Current treatments for depression usually involve a combination of talking therapies, medicine, and recommendations for lifestyle changes. Most patients make a full recovery or see their symptoms significantly reduced as a result of these treatments. However, a minority of people with depression experience unsatisfactory outcomes or no improvement with the traditional line of treatment. This type of depression is often called ‘treatment-resistant depression’, although understandably many people don’t like this term as it suggests the problem is somehow the fault of the individual who is resistant to treatment. People affected by ‘treatment-resistant depression’ predictably have higher rates of suicide than ‘treatment-responsive’ depression (Bergfeld et al., 2018) and, as various forms of treatment are attempted over a prolonged period of time, this group of patients inevitably cost more money for the health system (Heerlein et al., 2022). It is therefore crucial that alternatives to traditional medicines and established therapies are developed. One such alternative is psilocybin, which has been shown to have potential as an antidepressant for ‘treatment-resistant depression’ (Carhart-Harris et al., 2016 and 2021), although previous elf blogs on psilocybin have shown us that more work needs to be done before psilocybin assisted therapy can move in the mainstream, e.g.

Psilocybin assisted therapy may be a viable treatment for depression, but much larger studies are needed to confirm this and significant barriers remain to its implementation.
– James Rucker & Sameer Jauhar, Mental Elf blog, 3rd July 2021

The current study by Goodwin et al., (2022) aimed to identify an ‘acceptable efficacious dose’ of synthetic psilocybin in treating patients with ‘treatment-resistant depression’.

Is a single dose of synthetic psilocybin the answer for what is known as 'treatment-resistant depression'?

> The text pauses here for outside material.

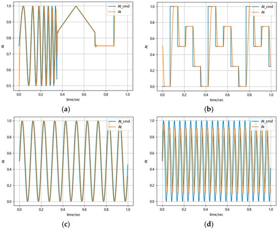 In step curve tracking, the reinforcement learning algorithm controlled overshoot effectively, keeping it below 1% in all scenarios. The full-stroke step response time was ≤40 ms. For continuous curve tracking, the full-stroke 20 Hz amplitude attenuation was ≤40%, with a phase lag of 144°.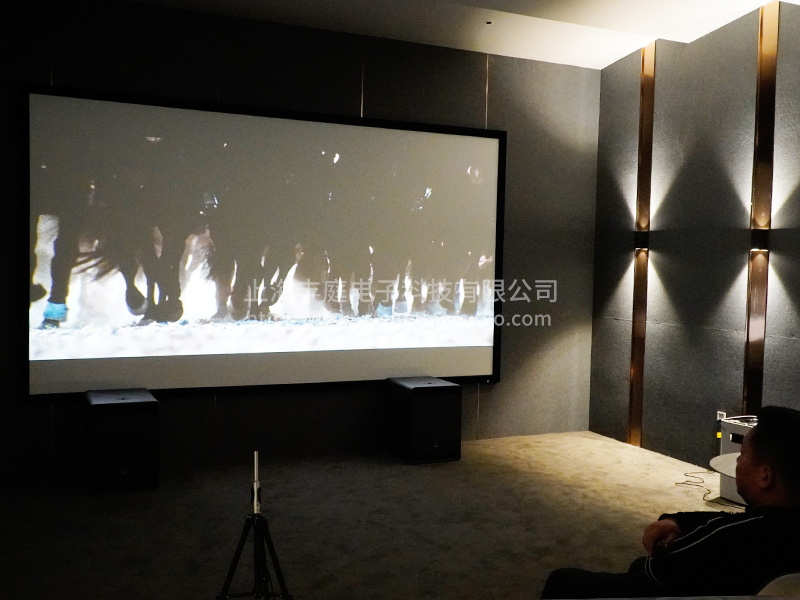 現場搭配的是165寸透視幕設計,由于幕布較大,考慮到畫面的實際效果,投影機我們采用的是優派激光光源投影機,影音室的整體色系都以灰色為主。

Is a single dose of synthetic psilocybin the answer for what is known as ‘treatment-resistant depression’?

Methods

This study was a phase 2 double-blind, dose-finding, parallel-group, randomised clinical trial conducted at 22 sites in 10 countries in Europe and North America. The trial included adults currently diagnosed with ‘treatment resistant depression’ in a current episode of depression. Participants were randomly assigned to one of three conditions to receive a single dose of psilocybin: 25 mg, 10 mg, or 1 mg doses, which was administered in a controlled environment “designed to provide a nonclinical, calming atmosphere” and “along with psychological support” given by a trained professional (“psychologists with at least master’s-level qualifications, psychiatrists, master’s-level practitioners, nurses, diploma-level cognitive behavioral therapists, or doctorate-level mental health specialists”). The trial followed the participants for 12 weeks after the administration of the drug.

Primary outcome

Improvement in depression as measured based on the Montgomery–Åsberg Depression Rating Scale (MADRS). The MADRS scale was compared from baseline to day 2 since the drug administration and at weeks 1, 3, 6, 9, and 12. The primary analysis was the comparison of 25mg of psilocybin to 1 mg dose, and 10 mg of psilocybin to 1 mg dose.

Secondary outcomes

  • Number of patients who responded, based on the MADRS total score at week 3 compared to baseline. If patients had at least a 50% decrease from baseline at week 3, they were considered responsive to the trial-drug.
  • Number of patients who are in remission of depression based on a total score of 10 or less at week 3 compared to baseline on the MADRS total score.
  • Number of patients with sustained response based on maintained response from week 3 to week 12 on MADRS total score.
  • Number of adverse events based on ICH good Clinical Practice criteria and Columbia Suicide Severity Rating Scale.

Results

233 participants were included in the study, across 22 sites in 10 countries in Europe, and were randomised to 25mg of psilocybin (n=79), 10 mg of psilocybin (n=75), and 1 mg of psilocybin (n=79).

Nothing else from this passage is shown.